The focus of this essay is incorporating technology, not the technology itself. However, an example of a Web 2.0 technology that incorporates the use of CSCL environment may prove useful.  The use of social collaboration software like “wikis” has been widely explored in secondary and post-secondary education.  “The simplicity of wikis makes them a wonderful tool for young” and experienced “learners in collaborative tasks” (Fu, Chu, & Kang, 2013 Pg. 85).  Wikis are a collaborative tool that can be edited by students who can each contributed to the discussion.  Assessing participation of each student can be accomplished by examining the quality of edits made by students.  This technology moves us past the simple domains of cognitive development, to accessing the intelligences of individual students.   
Howard Gardner’s Theory of Multiple Intelligences (MI) fits the use of CSCL perfectly and the web 2.0 (wikis) in particularly.  Wikis are the perfect collaborative learning tool to ensure and monitors student participation, further each student can add to the project based on his/her MI.  For example, a student may have a high degree of spatial intelligence; this student would then find inserting video or pictures appealing.  However, another student may have a high degree of Logical-mathematical intelligence; this student would learn best from the collaborative environment the wiki provides. 
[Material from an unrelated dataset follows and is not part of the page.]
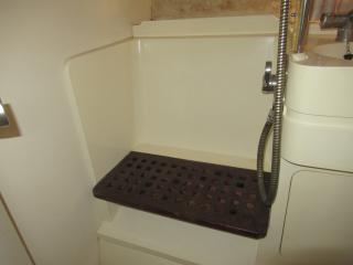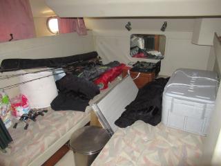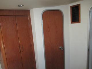ギャレーを過ぎて前方に進むとまず右舷側にゲストルームがあります。また、左舷側にはゲスト用のシャワー付きのトイレの装備があります。そのまま前方に進みますとオーナーズルームになります。オーナーズルームにもシャワー付きのトイレの装備があります。

More importantly, students are familiar with blogs and wikis and as such accept the technology as logical extension of the educational environment.  “Results suggest that individual technology acceptance behavior is a function of their holistic experience with the technology and cognitive perceptions formed by rational assessments and these impacts are mediated by individuals’ attitude toward the technology” (Tan, 2007 Pg. iii).  Therefore the use of wikis enables the assignment to easily facilitate interactions between group members.  In this type of learning environment the talents of each student can be accommodated thus promoting active learning. Gardner (2000) makes the connection as well as warns educators “Clearly, a marriage of education and technology could be consummated, but it will only be a happy marriage if those charged with education remain clear on what they want to achieve…Otherwise, like other technologies, the new ones could end up spawning apathy, alienation or yet another phalanx of consumers” (p.35) 
Reference
Fu, H., Chu, S., & Kang, W. (2013). Affordances and constraints of a wiki for primary-school students' group projects. Journal of Educational Technology & Society, 16(4), 85-n/a. Retrieved from http://search.proquest.com/docview/1462203798?accountid=32521
Gardner, H. (2000) Can technology exploit our many ways of knowing? Retrieved from https://howardgardner01.files.wordpress.com/2012/06/can-technology-exploit-our-many-ways-of-knowing1.pdf  
Tan, W. (2007). An integrated view of cognitive absorption in a technology-mediated learning environment. (Order No. MR34783, Concordia University (Canada)). ProQuest Dissertations and Theses, 112-n/a. Retrieved from http://search.proquest.com/docview/304797056?accountid=32521
 West, J. A. & West, M. L. (2009). Using wikis for online collaboration: The power of the read-write web. San Francisco, CA: Jossey-Bass.